ソフトウェア開発におけるプロジェクトマネジメントを真正面から扱ったブログは、実際のところかなり少ない。プログラマやSEがマネジメントの必要性を痛感して記事にするのがほとんど。かくいうこのブログは「スゴい本」を紹介するつもりがPMBOKにハマってしまったヘンな例といえる。

ここではソフト開発PMに特化したブログを紹介する。さらに、日本語で読めるブログは皆さんご存知だろうから、英語のブログにしましょ。

Focused Performance Business Blog

毎日の巡回先。マネジメントに関するツボを突いた実践的なネタが多し。ソフトウェア開発に限らず、ビジネス全般への目配りを忘れていないところが二重マル。読みやすい英語なのだが、TOCやクリティカルチェーンのバックグラウンドがないと難しいかも。

Agile Management Blog

マイクロソフト社の David J. Anderson 氏のブログ。"Agile Management for Software Engineering" の著者でもある。"Agile"を冠に抱いている通り「アジャイル!アジャイル!アジャイル!」なブログになっている。マイクロソフトは社員のブログに多大なる関心を抱いているようなので、彼もかなり気を使っていて、内部情報なんぞは一切期待しないほうがよい。ただ、開発プロセスの話題から漏れ出る「マイクロソフトのやり方」を盗むには最適かも。

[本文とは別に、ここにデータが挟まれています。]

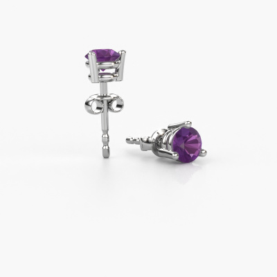 Solitaire stud earrings are classic yet fashionable pieces of jewelry. In solitaire stud earrings, the prong setting is open and only 1 stone is set, which helps reflect light on the gemstone from every angle. Because the amethysten are positioned higher, these classic stud earrings become truly eye-catching. We carefully create each detail of these solitaire stud earrings by hand. Our expert goldsmiths set the amethysten in these white gold stud earrings with the utmost precision, so light reflects evenly from every angle. The stud earrings are set with 4.7 mm round amethysten. The Somer earrings are made just for you by our master goldsmith in our own artisan studio.. As soon as you finished designing your classic stud earrings with our online tool, our goldsmiths will start their creative process of making your stud earrings. This will be done with passion and care, according ancient crafting. On top of that, our jewels are made of eco-friendly materials. If you want specific changes made to your Somer stud earrings, that are unavailable in our online tool, please feel free to contact our expert designers. By using our modern techniques, we can design and customize the finest quality jewels with the utmost care for you. Our stud earrings are always priced 30 percent lower than other jewelers. We make stud earrings to order so we don't have to maintain a large stock. If you have a certain budget, we are more than happy to advice you accordingly. To make it easier for you, we offer a 30 day return policy. Check our terms and conditions.
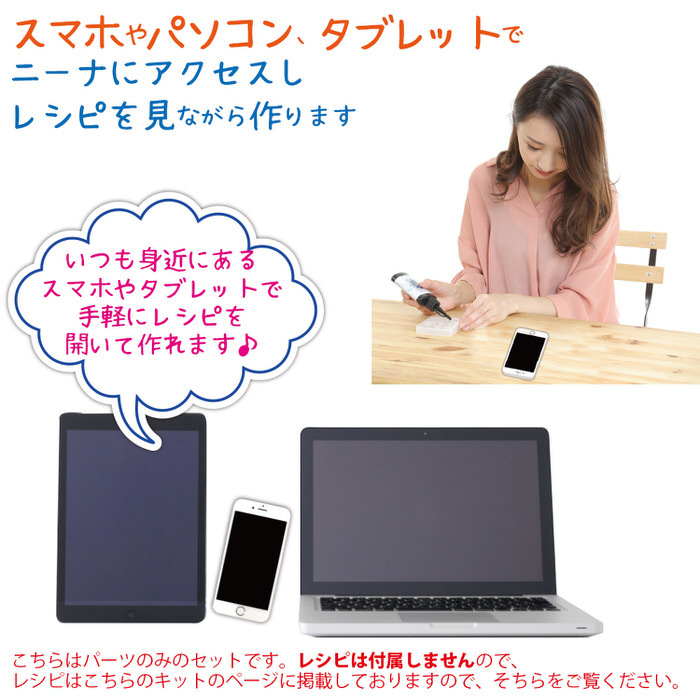 レシピは、商品ページに掲載してありますので、パスコンやスマホでレシピを見ながら気軽に作成できます。
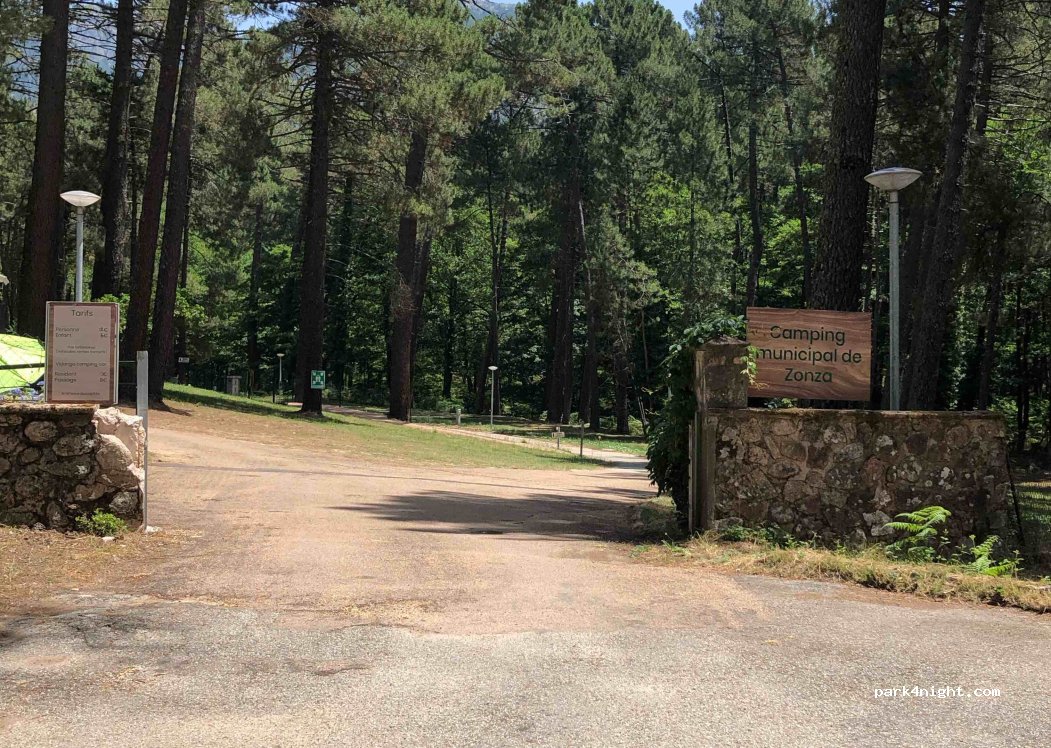 Camping municipal du village intéressant de Zonza, à 3 km au S sur la D69. Sapins majestueux ! Vieilles toilettes mais suffisantes; douches chaudes. Beaucoup d'ombres. Aire de service adéquate pour les camping-cars. Le prix comprend l'alimentation électrique.
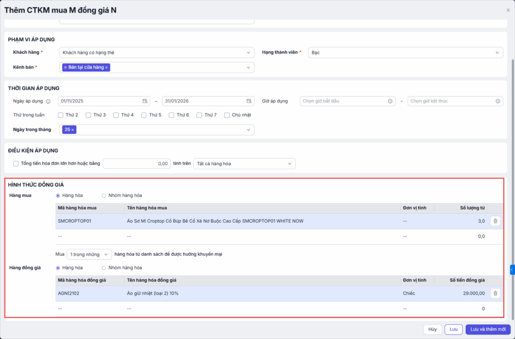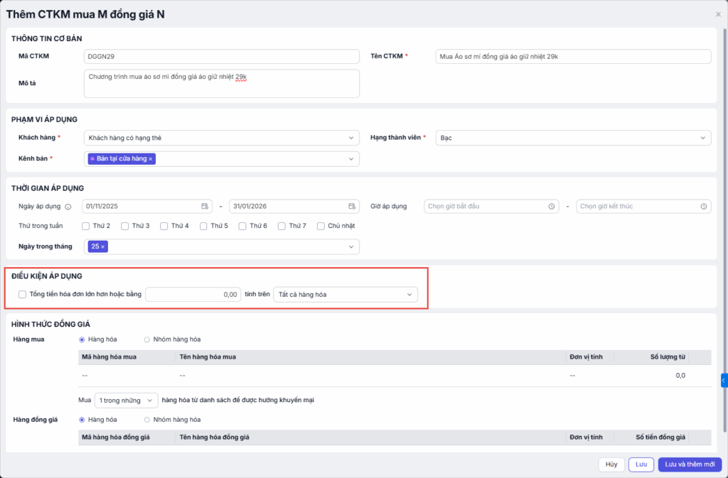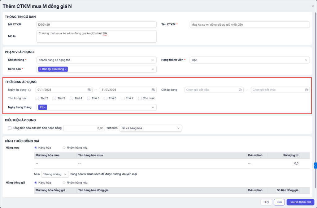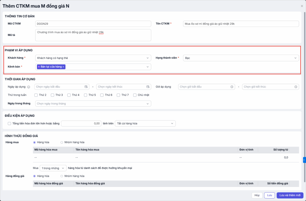 Nhấn Lưu hoặc Lưu và thêm mới để kích hoạt chương trình khuyến mại.
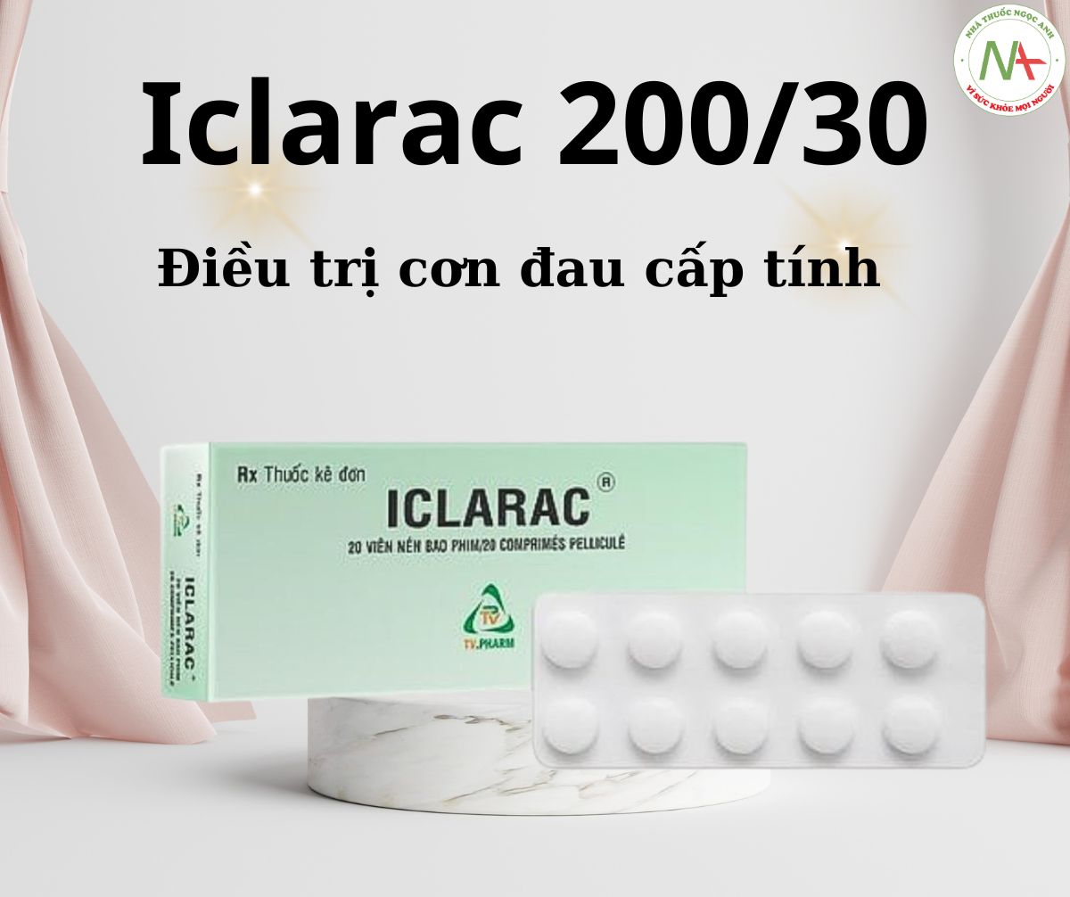 Iclarac 200/30 được dùng trong điều trị cơn đau cấp tính ở người, trung bình đến nặng ở người không đáp ứng với thuốc giảm đau opioid

Managing Product Development

ここも巡回先。ソフトウェアは「製品」であり、そのプロセス管理は可能という信念に基づいたPMノウハウを紹介している。抽象的な方法論よりも、それを適用させる実際的なネタ多し。「効率性を組織化させる」とか「キャンセルプロジェクトにとどめを刺す」など、刺激的な話で読ませる。ジョアンナたんって何歳ぐらいのプログラマなんだろうなぁと、(*´Д`)ハァハァしながら読んでいたのだが、最近彼女がPresidentなことを知ってorz

Reforming Project Management

書籍、サイト、ブログなど、ネタ元があって、その紹介と感想が多い。中の人の分析やツッコミはさておき(失礼)、リンク先が秀逸。ネタが面白く「裸のプロジェクトコンサルタント」や「To-Don't リストを使う」など、翻訳して紹介したくなる。

ProjectSteps

テレコム系のITマネジメントを20年やってるという猛者。"in my opinion"で始まるベキ論は鼻につくが、言っていることはいちいち正しいなと頷くほかない。奇をてらった記事は無く、「正論」「王道」が淡々と語られている(分、あんまり「気づき」もないともいえる)

projectified

"Microsoft Project Server"のサポート歴6年の方。サーバ設定などの技術ネタもあるけれど、扱っている製品が"Microsoft Project"なだけにPMネタも充実してる。最近知って、ちょくちょく読み始めているところ。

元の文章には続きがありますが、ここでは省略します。